Beginning with the line that contains "La caja no está" in the material below, print each line exactly until the line that contains "人工智能学院副院长宋先知汇报" has been printed, then stop.

| SOURCE DATA |
▬▬▬▬▬▬▬▬▬▬
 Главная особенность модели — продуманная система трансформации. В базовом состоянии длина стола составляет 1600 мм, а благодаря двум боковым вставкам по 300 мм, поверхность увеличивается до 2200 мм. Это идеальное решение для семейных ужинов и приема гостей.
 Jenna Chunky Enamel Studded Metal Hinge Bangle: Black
▬▬▬▬▬▬▬▬▬▬
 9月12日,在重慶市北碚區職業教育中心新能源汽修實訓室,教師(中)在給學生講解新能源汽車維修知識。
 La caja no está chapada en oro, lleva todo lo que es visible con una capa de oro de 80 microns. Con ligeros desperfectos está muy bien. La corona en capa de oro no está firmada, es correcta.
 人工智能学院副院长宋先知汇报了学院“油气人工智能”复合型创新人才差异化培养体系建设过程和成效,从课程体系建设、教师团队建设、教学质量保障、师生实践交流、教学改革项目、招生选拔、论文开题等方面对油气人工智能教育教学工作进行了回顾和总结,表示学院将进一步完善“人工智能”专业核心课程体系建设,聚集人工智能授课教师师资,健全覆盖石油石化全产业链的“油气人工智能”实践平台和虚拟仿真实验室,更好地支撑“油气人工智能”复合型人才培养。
▬▬▬▬▬▬▬▬▬▬
| WRITTEN SOLUTION |
 La caja no está chapada en oro, lleva todo lo que es visible con una capa de oro de 80 microns. Con ligeros desperfectos está muy bien. La corona en capa de oro no está firmada, es correcta.
 人工智能学院副院长宋先知汇报了学院“油气人工智能”复合型创新人才差异化培养体系建设过程和成效,从课程体系建设、教师团队建设、教学质量保障、师生实践交流、教学改革项目、招生选拔、论文开题等方面对油气人工智能教育教学工作进行了回顾和总结,表示学院将进一步完善“人工智能”专业核心课程体系建设,聚集人工智能授课教师师资,健全覆盖石油石化全产业链的“油气人工智能”实践平台和虚拟仿真实验室,更好地支撑“油气人工智能”复合型人才培养。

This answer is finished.